From 360° Asheville School Views Magazine, Winter 2022
When teachers Tim and Helen Plaehn moved to Asheville School in 2006, they discovered a tucked-away meditative spot on campus—the Sulphur Springs Cemetery. Located atop a wooded knoll alongside the entrance to campus, this historic graveyard dates to the eighteenth century and includes a section dedicated to enslaved people. “There are so many stories captured among the graves,” Helen Plaehn says. Those stories inspired the Plaehns and Maggie Ruch Frelinghuysen, all Humanities teachers, to create a lesson plan that takes classes on a visit to the cemetery as students study the Civil War and while they are reading Adventures of Huckleberry Finn. It is one thing to discuss the Civil War, but quite another to visit a physical location where you can observe the lasting effects of divisive conflict.
“We have the students stand between an almost entirely white family cemetery and a slave cemetery—stand on a literal divide—and we ask them to contemplate what it meant for this nation to be on the brink of war,” Frelinghuysen says. “What it meant for brother to take arms against brother. What it meant to fight for the freedom of an entire population of people.” Study materials include original preserved documents. “We have the journals of a woman who owned the Sulphur Springs Hotel during the nineteenth century,” Plaehn says, “and these journals reference the people who lived and died on this land under slavery.”

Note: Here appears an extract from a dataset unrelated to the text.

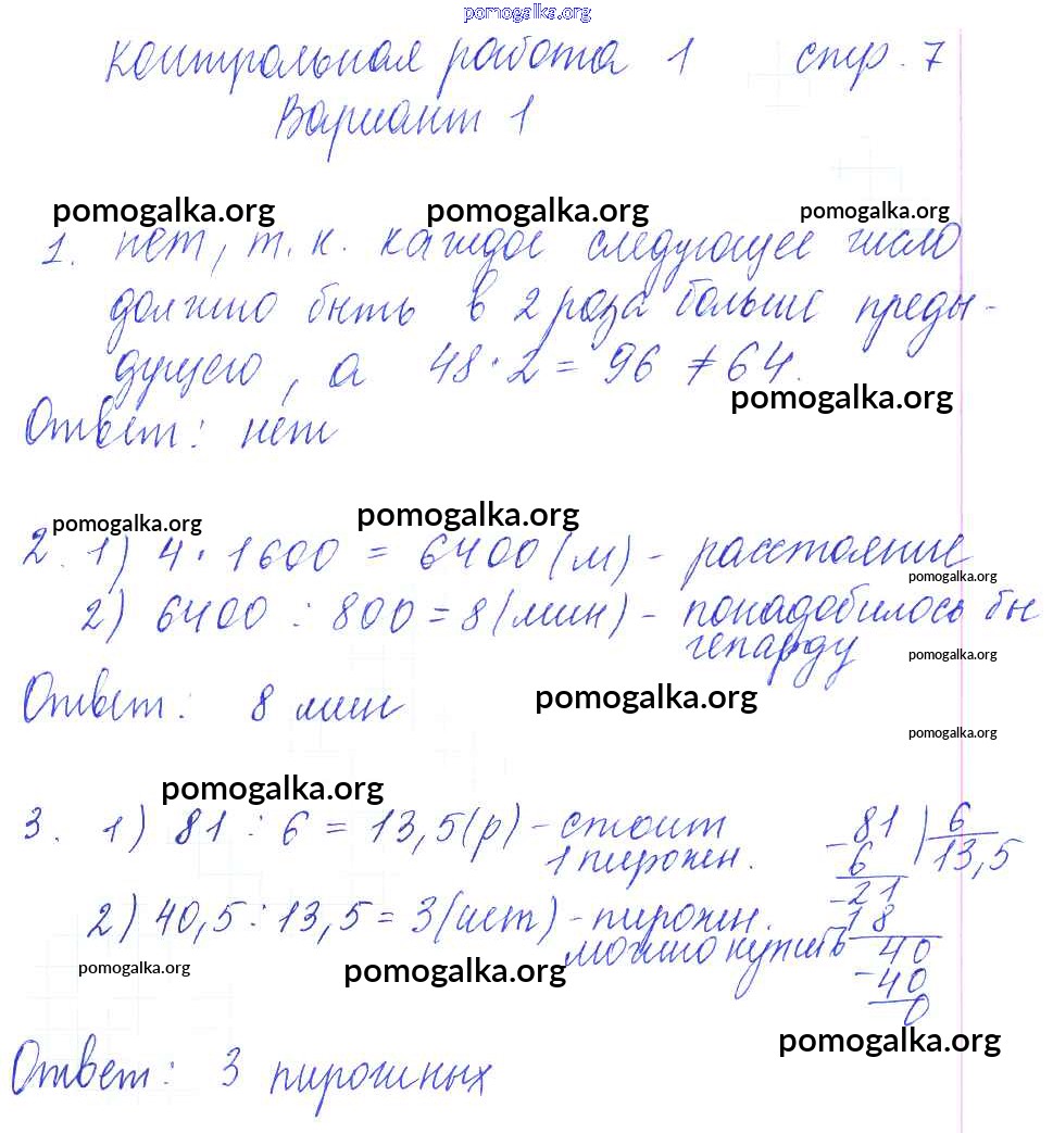 Готовые ответы - Математика 6 класс рабочая тетрадь для контрольных работ Рудницкая В.Н. (к уч. Виленкина Н.Я.) - часть 2. страница 7

Students reflect on the power of this visit once they return to the classroom in the form of a personal essay. One student, Bella Ostlund ’18, said the walk was a turning point in her own understanding of racial strife in the United States. “Stepping over stones and unmarked graves, I crept through the darkness surrounding me,” she wrote in her reflection piece. “For me, seeing the clear line between where the white people are buried versus the black, the unmarked graves, and just the sharp difference between the two races shocked me. This evidence exists in our backyards.”
The lesson gives students the chance to speak plainly together about history, change, and the current political climate. Ostlund ended her piece on a thoughtful note: “As Audre Lorde so eloquently puts it, ‘It is not our differences that divide us. It is our inability to recognize, accept and celebrate those differences.’ No one can go their life hiding behind this whitewash of society that has been painted on after the Civil War until the present day and still feel scared to discuss race. Going into high school, I began to understand this need to not feel uncomfortable around the topic but to recognize it, which brings acceptance and the absence of racism.”